Michael Marot, an AP Sports Writer, authored this piece.
On Saturday, Michigan coach Jim Harbaugh marked his comeback to the field by embracing players and skillfully dodging a potential Gatorade shower.
Blake Corum and J.J. McCarthy were already contemplating larger objectives.
As the confetti rained down on the Wolverines, they boldly declared their new status as the top team in the nation.
Corum netted two goals and the defense achieved an uncommon shutout as the second-ranked Michigan team dominated over the 18th-ranked Iowa team with a final score of 26-0. This victory secured their third consecutive Big Ten title game win, third consecutive playoff appearance, and most likely the top seed in the College Football Playoff.
“We established our objectives earlier this year and this is another one we have accomplished,” Corum stated following his 52-yard rushing performance on 16 attempts, which also tied Anthony Thomas’ record for career touchdown runs at 55.
After losing to No. 8 Alabama in the Southeastern Conference championship, No. 1 Georgia’s top spot has opened up for Michigan (13-0, No. 2 CFP) to potentially claim, having spent the majority of the season ranked at No. 2. Despite previous losses in the semifinals, Michigan has not won a national title since 1997.

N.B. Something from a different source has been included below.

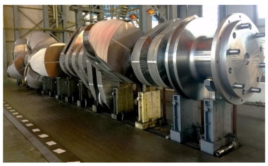 Semi-Built Crankshaft. This is currently the most popular type for large marine engines. It consists of two main components: the journal and the crank throw [,]. The forged journal is shrink-fitted into the crank throw, which is a single piece comprising two webs and a pin, forged as one unit. This design improves grain flow. Furthermore, the assembly offers additional flexibility, allowing it to sustain some degree of misalignment.
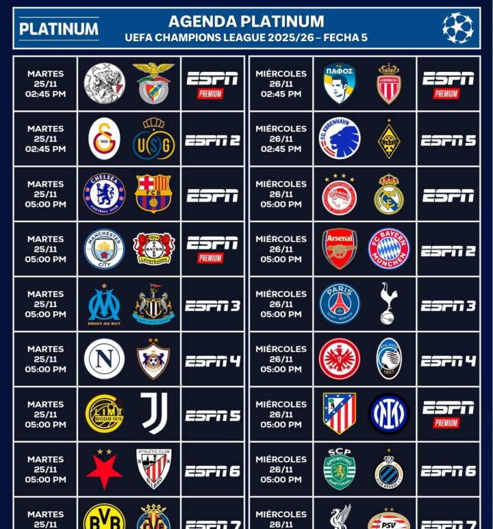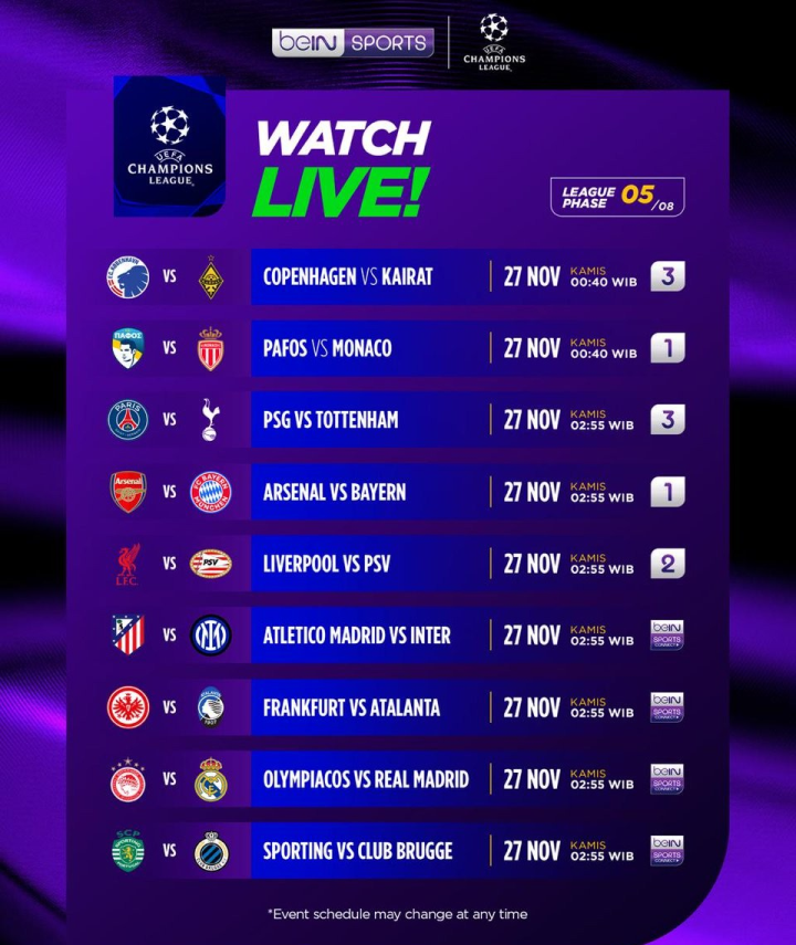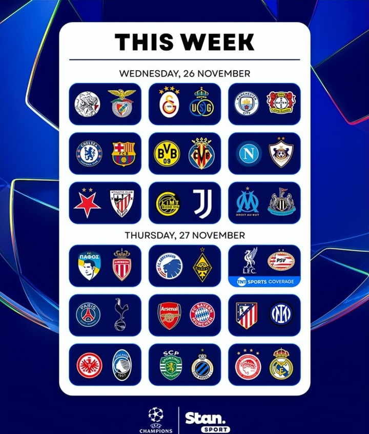 25/26赛季欧冠联赛阶段第5轮的第二个比赛日的9场比赛将继续进行。而在第二个比赛日,阿森纳vs拜仁、马竞vs国米以及巴黎对阵热刺等多场焦点对话的到来,势必也让第二个比赛日充满了极高的关注度。

No opportunity was given to Iowa (10-3, No. 16).
Harbaugh was able to enjoy a significant moment on the sidelines with his team upon his return, following a three-game suspension for being accused of participating in a sign-stealing plot. He was absent for the team’s 1,000th win and their division-clinching victory against Ohio State last week.

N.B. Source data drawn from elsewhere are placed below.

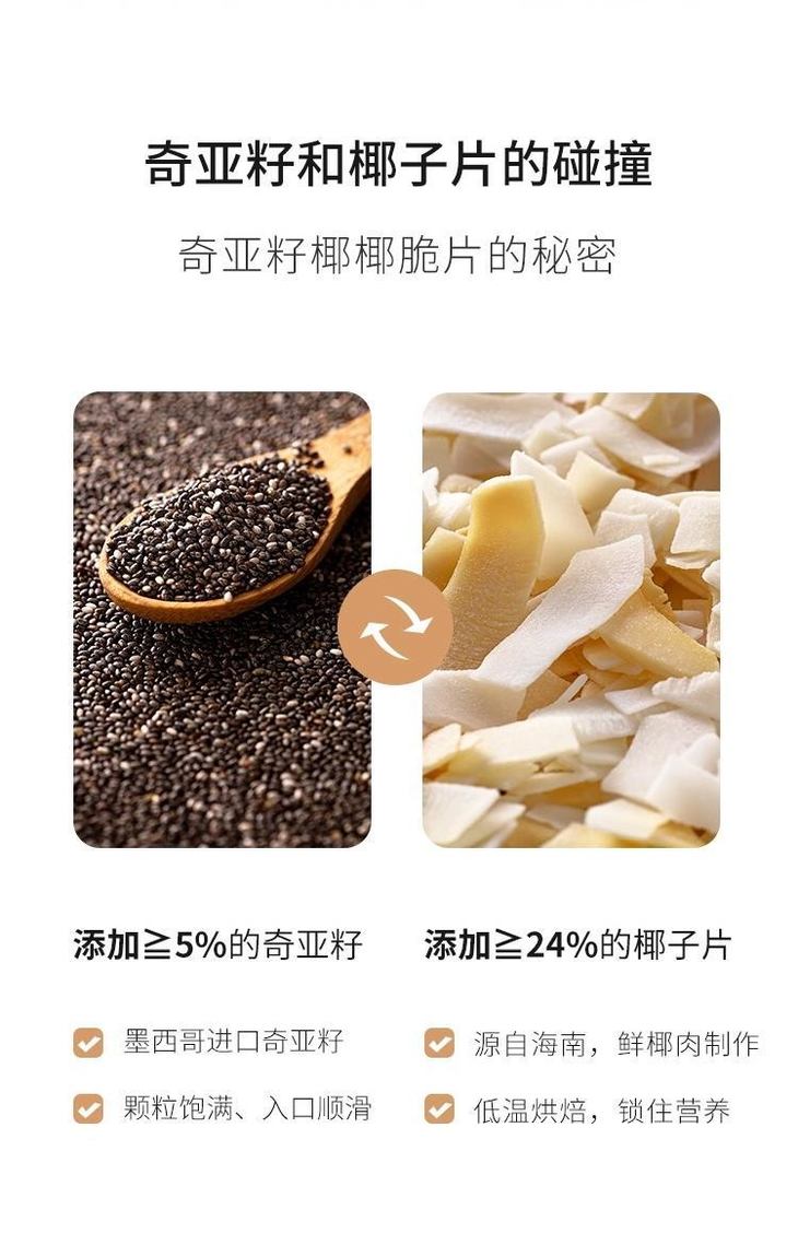 无数小红书博主强烈种草的【奇亚籽椰椰脆片】 🔸奇亚籽+椰子片+焦香薄饼! 🔸代餐新零食!健身人士新宠! 🔸看着很朴素,其实吃完很香浓,一口不够还想再吃,意犹未竟的美味! 🔸高能量高饱腹,轻卡健康,减糖还给身体减负担!
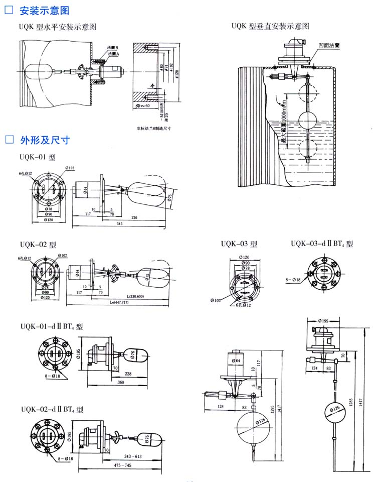 UQK-01、UQK-02、UQK-03型浮球液位控制器适用于对各种容器内液体的液体控制,当液位到达上、下切换值时,控制器触点发出通断开关式信号。产品系列分防爆或非防爆两大类,防爆型能用于易燃和易 爆介质为1.2级及A、B、C组承压容器的液位控制??刂破鞑皇视糜诙曰仆⒉恍飧值炔牧嫌薪锨扛醋饔靡约昂械即旁又实慕橹?。
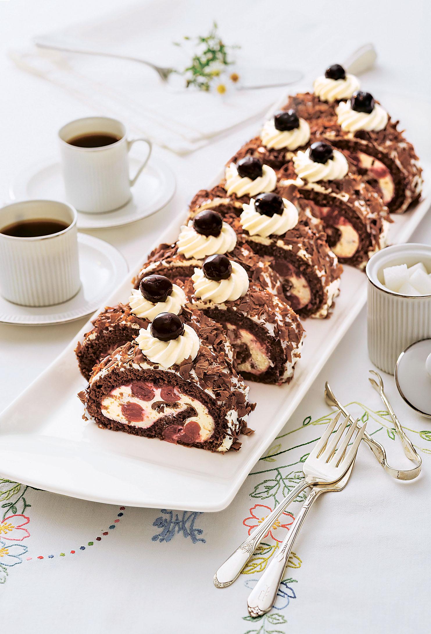 3. Бисквит развернуть и распределить по нему вишню. Выложить 3/4 сливок и свернуть рулетом. Верх покрыть оставшимися сливками и посыпать наструганным шоколадом. Убрать в холодильник на 1 ч.

The crowd of Michigan supporters expressed their displeasure with loud boos when Tony Petitti, the new Big Ten Commissioner, presented the championship trophy. He seemed to ignore Harbaugh, the first coach in the conference’s history to achieve three consecutive outright conference championships, which is also a first for the school.

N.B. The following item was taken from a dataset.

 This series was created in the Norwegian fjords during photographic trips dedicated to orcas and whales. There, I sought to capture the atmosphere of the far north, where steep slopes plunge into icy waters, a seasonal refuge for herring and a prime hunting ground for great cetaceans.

Harbaugh appeared indifferent to Petitti’s response, however.
Harbaugh expressed his excitement about the accomplishment, saying, “It made me feel extremely happy.” He then posed a question to the Michigan Nation, asking, “Can anyone name a team better than us?”
The Wolverines continued their streak of consecutive victories against Big Ten opponents, now at 25, with J.J. McCarthy completing 22 out of 30 passes for 147 yards.
The Hawkeyes experienced a continuation of their usual performance.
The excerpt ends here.